The data.
= Beginning of Section =
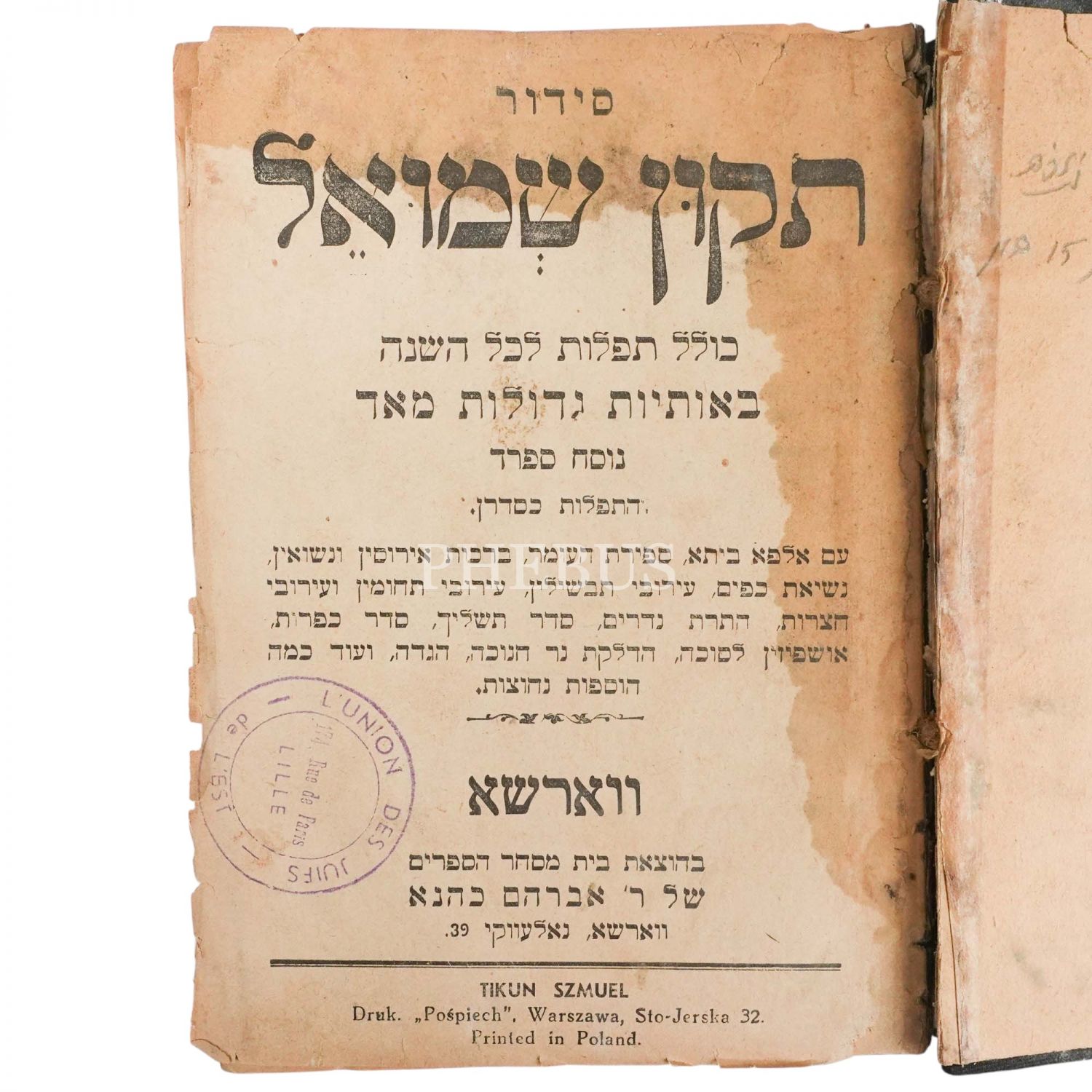 Tehilim, (תְהִלִּים) – Psalms, Hahamlar Tarafından Yazılı Nesilden Nesile Aktarılan Övgü Kitabı Mevcuttur. Künye Sayfasında Lille Yahudi Cemaatine Ait Mühür Mevcuttur.
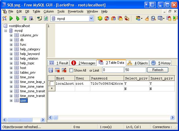 Click the connect. The following screen is displayed. You can now see for example the user table that contains the root user by selecting the Table Data tab on the right pane and the user tree option on the left pane.
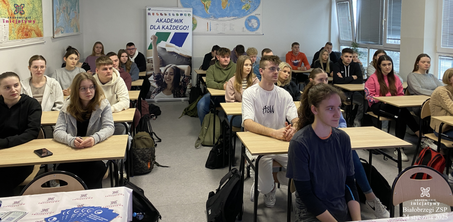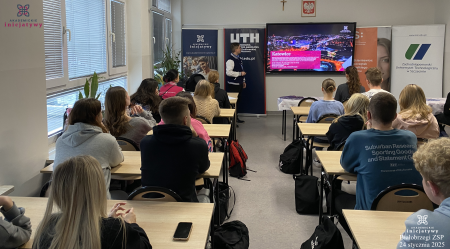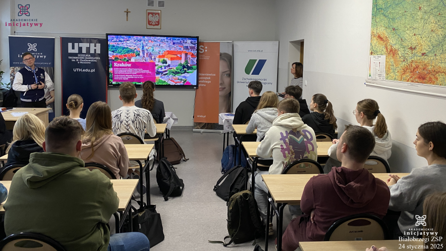 W piątek 24.01.2025 roku w ramach Akademickich Spotkań uczniowie klas piątych technikum uczestniczyli w wykładzie, którego tematem było: ,,Jak świadomie wybrać swoją przyszłość akademicką?”
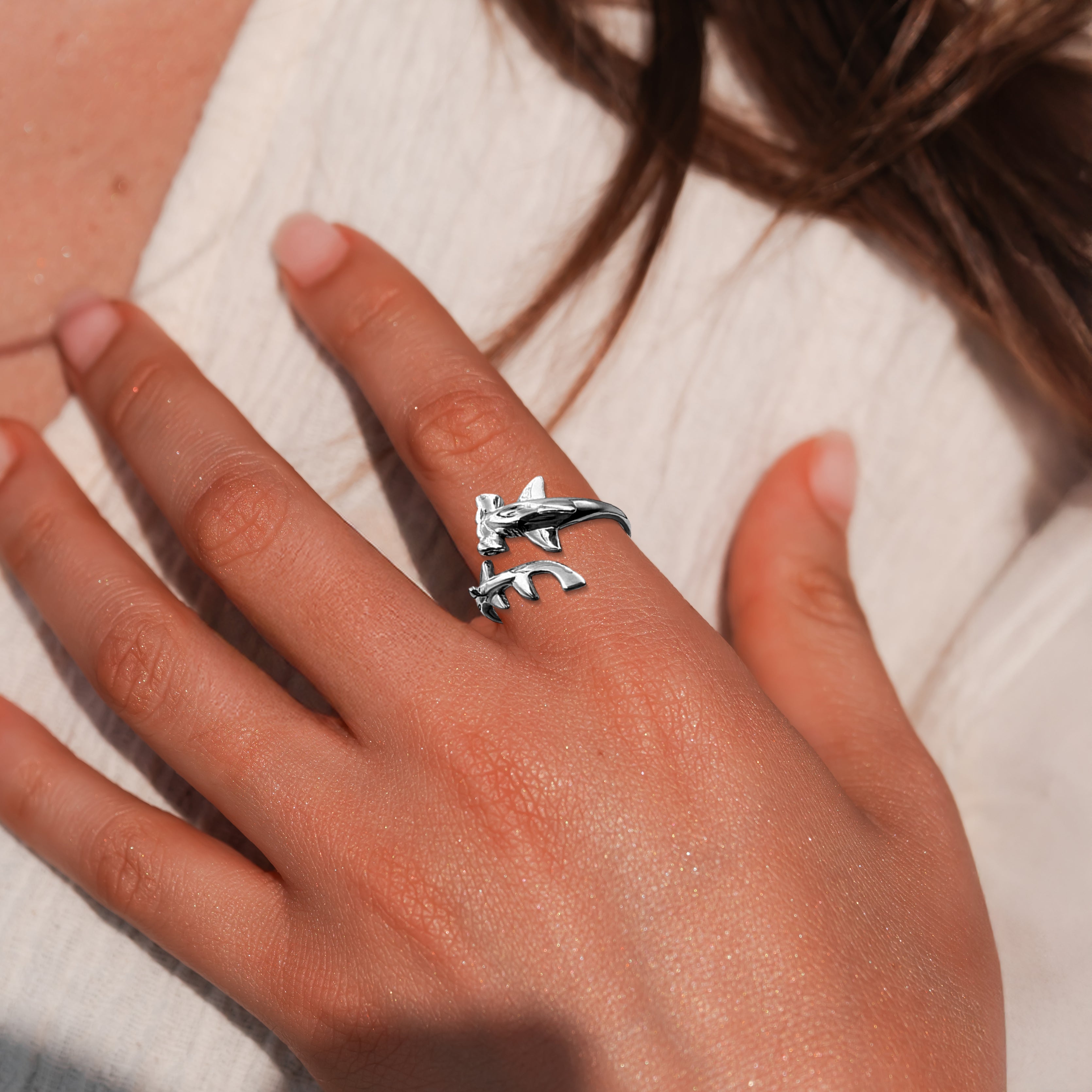 Discover the strength and beauty of the ocean with our Hammerhead Shark Solid White Gold Wrap Ring. Made with high-quality solid white gold, this unique ring features a sleek and elegant design that wraps around your finger for a comfortable fit. Celebrate your love for marine life with this stunning wrap ring.
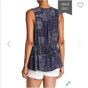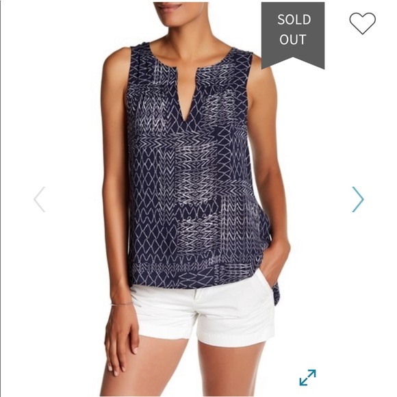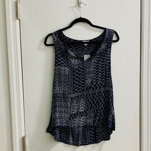 Patterned tank top with navy and white detail. Feels really nice and true to size! Never worn and has tags.
= End of Section =
Your objective. Pictures excluded, output exactly the line that contains "W piątek 24.01.2025" and every line after it to the end of the data above.

Exercise solution.
 W piątek 24.01.2025 roku w ramach Akademickich Spotkań uczniowie klas piątych technikum uczestniczyli w wykładzie, którego tematem było: ,,Jak świadomie wybrać swoją przyszłość akademicką?”
 Discover the strength and beauty of the ocean with our Hammerhead Shark Solid White Gold Wrap Ring. Made with high-quality solid white gold, this unique ring features a sleek and elegant design that wraps around your finger for a comfortable fit. Celebrate your love for marine life with this stunning wrap ring.
 Patterned tank top with navy and white detail. Feels really nice and true to size! Never worn and has tags.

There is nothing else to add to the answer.